Our findings should be validated in larger studies with a more homogenous patient population. Additionally, a larger study should investigate the impact of microbiome on developing different types of cGVHD, accounting for previous history of aGVHD. Future studies could additionally investigate the impact of patient, donor, and transplant characteristics on microbiome changes and risk for subsequent GVHD. One limitation of our functional data is we do not have paired plasma samples to correlate functional differences in the microbiome with circulating SCFA levels, bile acid levels, and tryptophan/indole metabolites. Markey et al conducted a case–control study describing a unique post-transplant SCFA and microbiome profile, with no additional insight on the impact of on pre-transplant composition.⁸ Additionally, correlating our microbiome findings with gut barrier function assays could have further informed our findings. However, we noted an important, significant correlation in functional pathways at baseline, with two pathways associated with SCFA metabolism, namely β-oxidation/acyl-CoA synthesis and γ-aminobutyrate shunt, enriched in the cGVHD patients' microbiomes, while the tryptophan catabolism pathway was enriched in controls. Such metabolites have been shown to play a key role in mediating gut epithelial barrier and mucosal immunity.^25-29 A mass spectrometry evaluation of serum samples noted lower leucine and isoleucine with higher cystine in patients subsequently developing cGVHD,⁹ while another plasma metabolite analysis revealed elevation in plasmas α-ketoglutaric acid before day 100 and at the onset of cGVHD.¹⁰ Taken together, those exploratory studies and our findings, highlight the promise of longitudinal pre- and post-transplant microbiome and metabolome analysis to develop future multivariate predictive and preemptive cGVHD biomarker panels.

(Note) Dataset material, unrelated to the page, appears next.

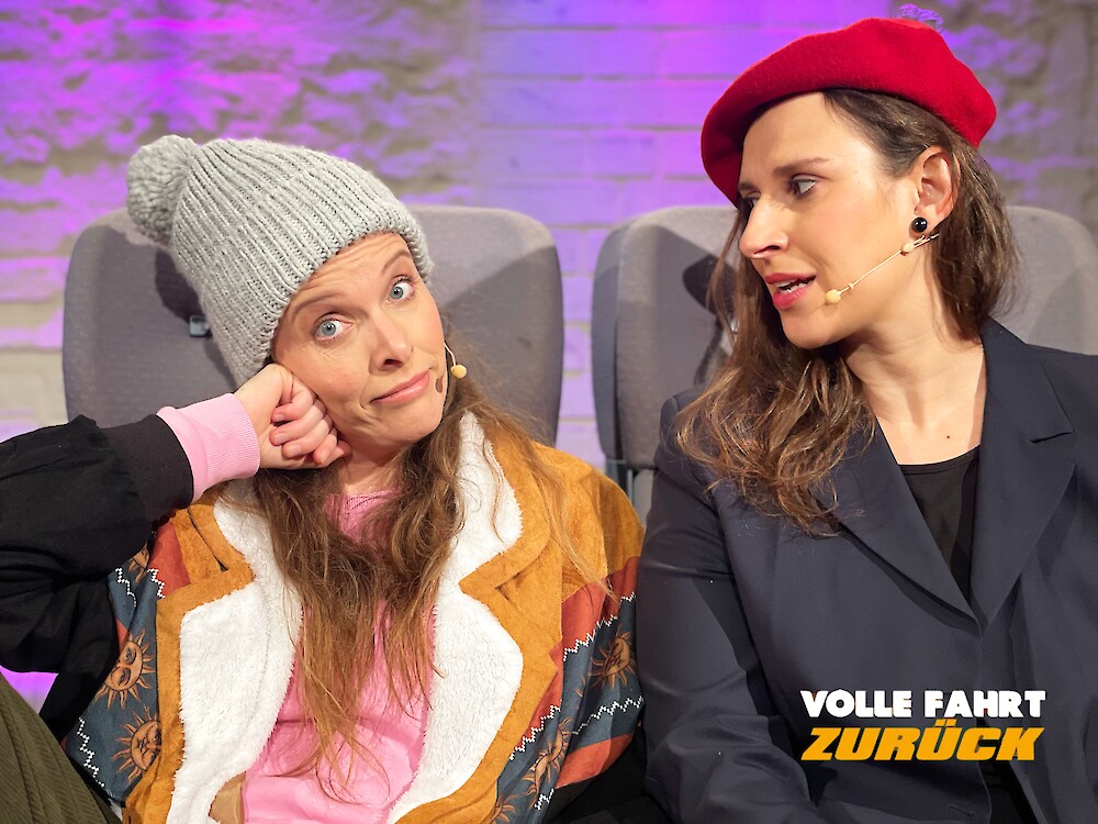 In „Volle Fahrt zurück“ treffen das selbsternannte Öko-Landei Jasmin und die ehrgeizige Berliner Großstadt-Schauspielerin Ann Katrin im ICE nach München aufeinander. Zufall? Fast – denn beide fahren zum selben Casting. Für dieselbe Rolle. In derselben Serie. Was folgt, ist eine temporeiche, musikalisch gespickte Reise durch den Wahnsinn des Medienbetriebs, klischeebeladene Frauenbilder, absurde Schönheitsideale, Gender-Gap, Karriere-Überlebenskämpfe und den alltäglichen Wahnsinn zwischen Toastbrot und Tiktok.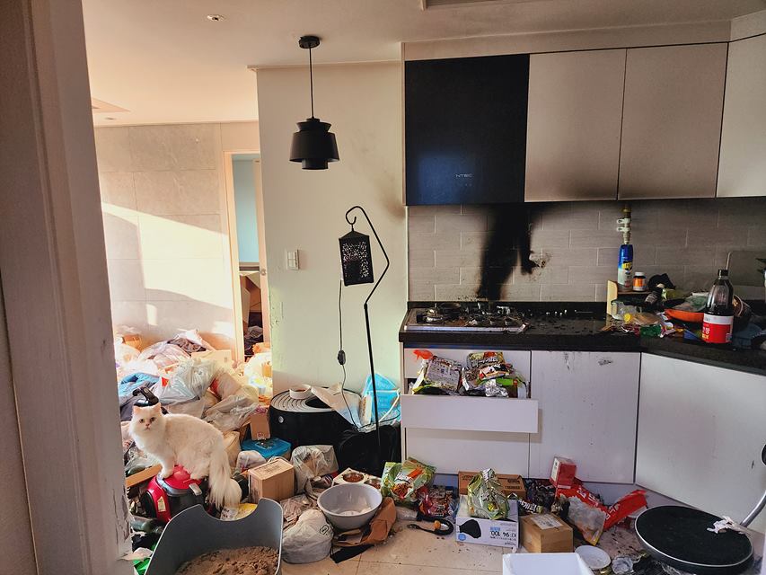 불은 출동한 소방대에 의해 진화됐으며, 주방 벽면 일부가 그을리고 가스레인지와 냄비 등 일부가 소실됐다. 다행히 인명피해는 없었다. 화재조사 결과, 불이 난 가스레인지는 원터치 점화 방식으로 가정에서 키우던 고양이가 싱크대 위에 있는 사료를 먹기 위해 뛰어오르던 찰나 가스레인지 점화 레버를 밟고 미끄러지면서 점화 스위치가 작동한 것으로 밝혀졌다.

In summary, we uniquely report here on the association between baseline faecal microbiome composition and metabolic pathways and subsequent cGVHD development in patients undergoing HCT. This work supports the therapeutic potential of microbiome manipulation and metabolic reprograming for cGVHD prevention.

AUTHOR CONTRIBUTIONS

Najla El Jurdi, Shernan G. Holtan and Robin Shields-Cutler contributed to the design; Robin Shields-Cutler performed the analysis; Najla El Jurdi, Shernan G. Holtan and Robin Shields-Cutler analysed the data; Najla El Jurdi and Robin Shields-Cutler performed the bibliographic search and wrote the first version of the manuscript; all other authors edited and revised the manuscript.

FUNDING INFORMATION

This research was funded by UMN Grant-in-Aid, Chainbreaker, BRAINS grant (SGH).

CONFLICT OF INTEREST STATEMENT

The authors declare the following conflict of interest, none of which is directly relevant to this work: DJW Research supports FATE, Incyte. BCB, the University of Minnesota, and Moffitt Cancer Center have licensed intellectual property with CRISPR Therapeutics. BCB receives research support from VITRAC Therapeutics. BCB has served on advisory boards for Incyte and CTI BioPharma within the last 36 months. SGH receives research support from Incyte and Vitrac Therapeutics. SGH has spoken at educational programs sponsored by Incyte within the last 36 months.

ETHICS STATEMENT

Study approved by the University of Minnesota Institutional Review Board. Samples were collected from patients who consented to a biorepository protocol.